Start of Block
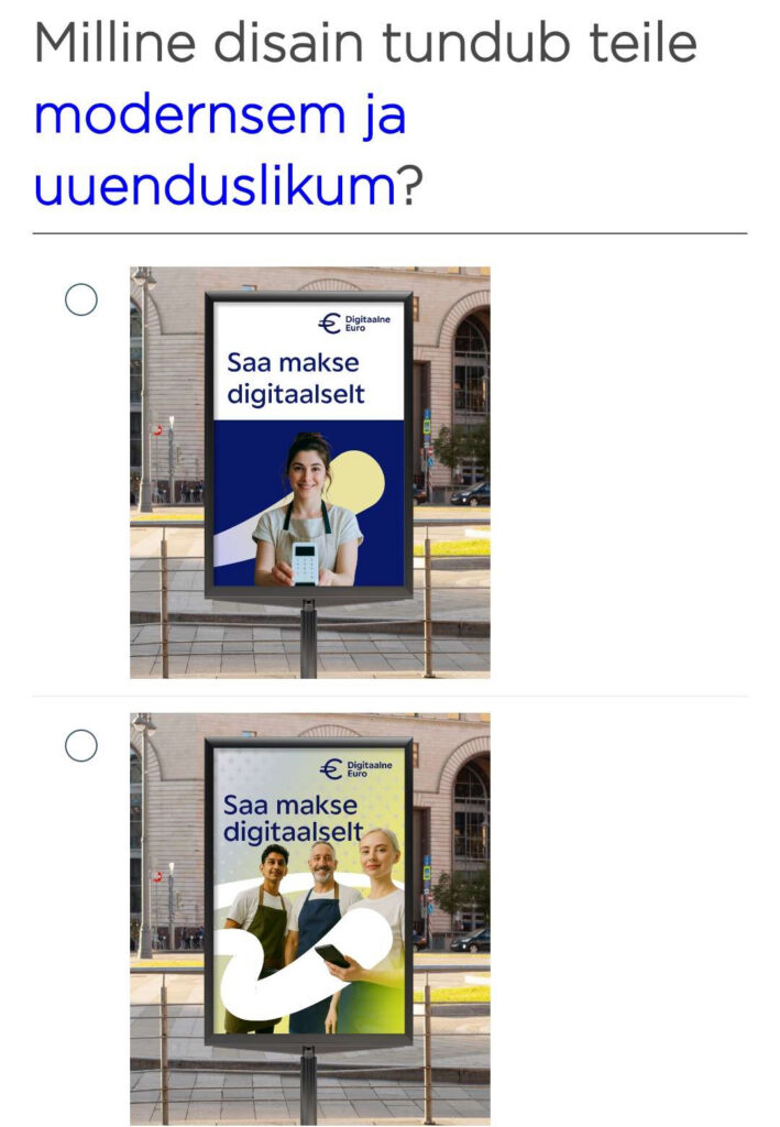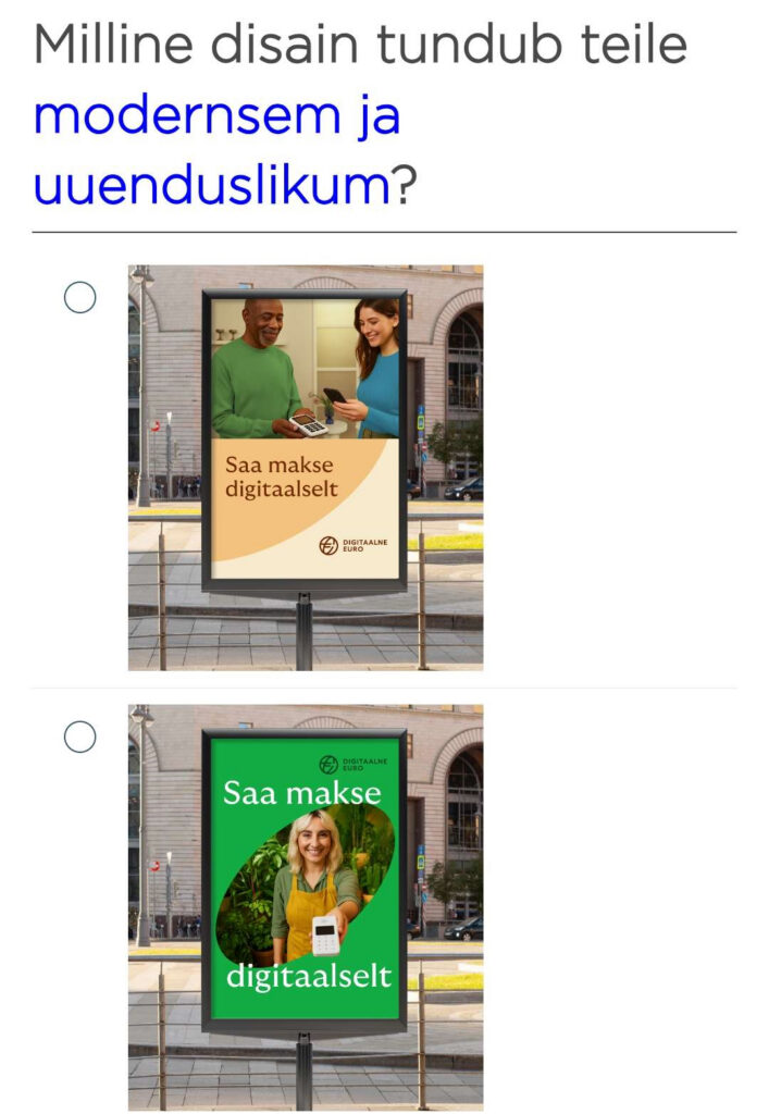 Osalejatelt palutakse valida, milline digieuro logo tundub “tugev ja stabiilne” ning milline “kaasav ja ligipääsetav”. Järgnevad visuaalsed kampaanialahendused, mida hinnati omadussõnadega nagu “võimestav”, “kindlameelne” või “usaldust tekitav”.
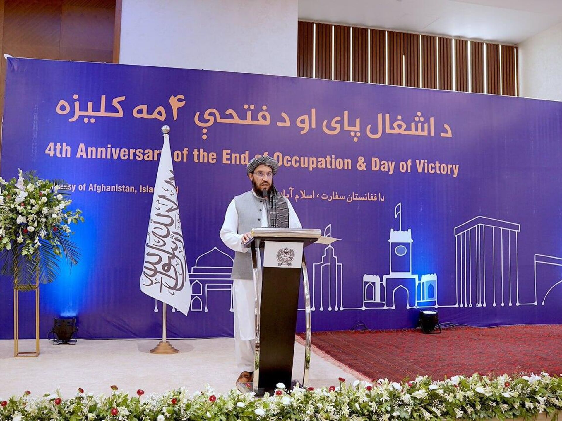 سردار احمد شکیب، سفیر امارت اسلامی در اسلامآباد، در مراسم چهارمین سالگرد پایان اشغال افغانستان اعلام کرد که امارت اسلامی در چهار سال گذشته با پشتیبانی مردم و منابع داخلی، پایههای حکومتداری را فعال و نظم و ثبات را به کشور بازگردانده است.
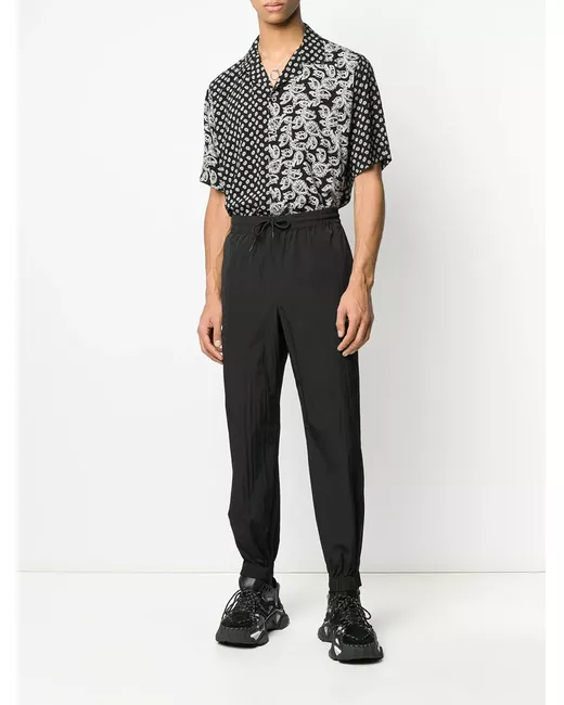 Black neon logo track pants from MSGM featuring an elasticated drawstring waist, a back zip pocket, a straight leg, elasticated cuffs and ankle zips.
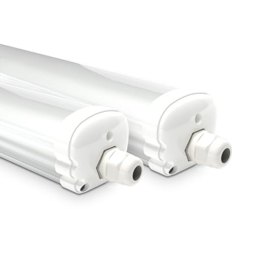 - Plug and Play: Das Anbringen dieser LED Feuchtraumwannenleuchte ist kinderleicht, denn die Lichtquelle ist integriert. Du musst also nicht extra LED-Röhren kaufen. Außerdem erhältst du die Leuchte im Komplettset mit allem, was du zur Montage benötigst und kannst mithilfe der Anschlussverschraubungen bis zu 10 Leuchten miteinander verbinden (Verknüpfbar).
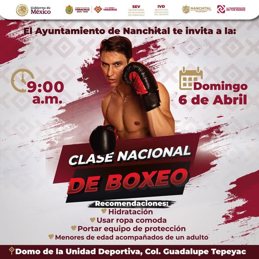 #Deportes | ¡PARTICIPA EN LA CLASE NACIONAL DE BOXEO! Domingo 6 de Abril 9:00 a.m. Unidad Deportiva de la colonia Guadalupe Tepeyac Conoce las recomendaciones aquí ¡Te esperamos! #LaTransformaciónEnTusManos #Nanchital #Comparte
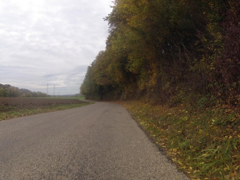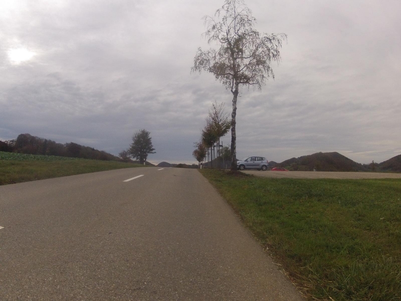 Als ich oben ankam, war die Sonne schon wieder durch die Wolkendecke verdeckt. Ich liess es auf der anderen Seite in Richtung Fricktal hinunter rollen. Der Wind, ein bisschen unberechenbar, drückte immer wieder am Vorderrad herum. Ich benützte aber nicht nur deshalb vor allem die Radwege und die kleinen Strässchen. Im Fricktal hielt ich weiterhin in nördlicher Richtung zum Rhein.
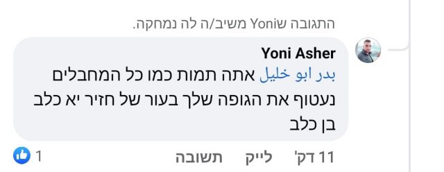 אחד המגיבים איים על חייו של ח"כ בן גביר וכתב "איתמר בן גביר, אתם הולכים להירצח בקרוב. ישחטו אתכם כמו חזירים".
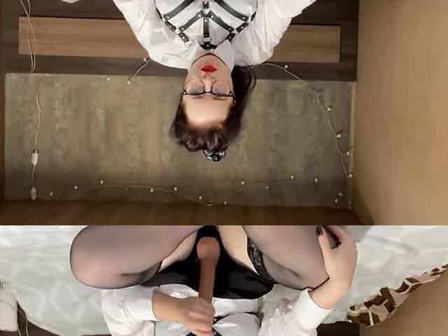 Femdom: glass sex-toy in taut vagina POV
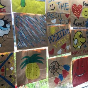 Jaquae was decorating his bag with some Popsicle sticks. “I’m going to get 3D with it,” he said, showing off his painting of a cheerful, two-story home surrounded by hills. Kiyanne chose a text-based concept, painting in bold, colorful brushtrokes words like “Hope” and “Faith.”
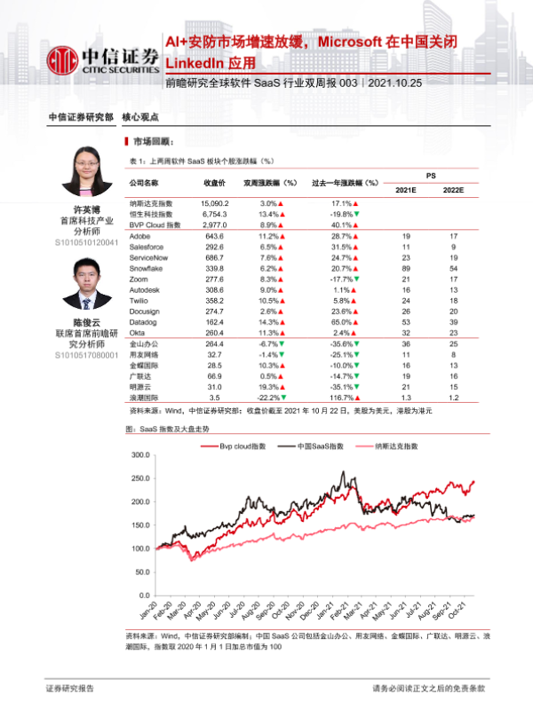 【中信证券】【20211025】20211025-中信证券-前瞻研究全球软件SaaS行业双周报:AI+安防市场增速放缓,Microsoft在中国关闭LinkedIn应用-21页 行业研究
End of Block
* _ASSIGNMENT_
Pictures are to be omitted from the copy. Reproduce exactly, and only, the lines from the one containing "سردار احمد شکیب،" to the end of the listing above.

* _TASK RESPONSE_
 سردار احمد شکیب، سفیر امارت اسلامی در اسلامآباد، در مراسم چهارمین سالگرد پایان اشغال افغانستان اعلام کرد که امارت اسلامی در چهار سال گذشته با پشتیبانی مردم و منابع داخلی، پایههای حکومتداری را فعال و نظم و ثبات را به کشور بازگردانده است.
 Black neon logo track pants from MSGM featuring an elasticated drawstring waist, a back zip pocket, a straight leg, elasticated cuffs and ankle zips.
 - Plug and Play: Das Anbringen dieser LED Feuchtraumwannenleuchte ist kinderleicht, denn die Lichtquelle ist integriert. Du musst also nicht extra LED-Röhren kaufen. Außerdem erhältst du die Leuchte im Komplettset mit allem, was du zur Montage benötigst und kannst mithilfe der Anschlussverschraubungen bis zu 10 Leuchten miteinander verbinden (Verknüpfbar).
 #Deportes | ¡PARTICIPA EN LA CLASE NACIONAL DE BOXEO! Domingo 6 de Abril 9:00 a.m. Unidad Deportiva de la colonia Guadalupe Tepeyac Conoce las recomendaciones aquí ¡Te esperamos! #LaTransformaciónEnTusManos #Nanchital #Comparte
 Als ich oben ankam, war die Sonne schon wieder durch die Wolkendecke verdeckt. Ich liess es auf der anderen Seite in Richtung Fricktal hinunter rollen. Der Wind, ein bisschen unberechenbar, drückte immer wieder am Vorderrad herum. Ich benützte aber nicht nur deshalb vor allem die Radwege und die kleinen Strässchen. Im Fricktal hielt ich weiterhin in nördlicher Richtung zum Rhein.
 אחד המגיבים איים על חייו של ח"כ בן גביר וכתב "איתמר בן גביר, אתם הולכים להירצח בקרוב. ישחטו אתכם כמו חזירים".
 Femdom: glass sex-toy in taut vagina POV
 Jaquae was decorating his bag with some Popsicle sticks. “I’m going to get 3D with it,” he said, showing off his painting of a cheerful, two-story home surrounded by hills. Kiyanne chose a text-based concept, painting in bold, colorful brushtrokes words like “Hope” and “Faith.”
 【中信证券】【20211025】20211025-中信证券-前瞻研究全球软件SaaS行业双周报:AI+安防市场增速放缓,Microsoft在中国关闭LinkedIn应用-21页 行业研究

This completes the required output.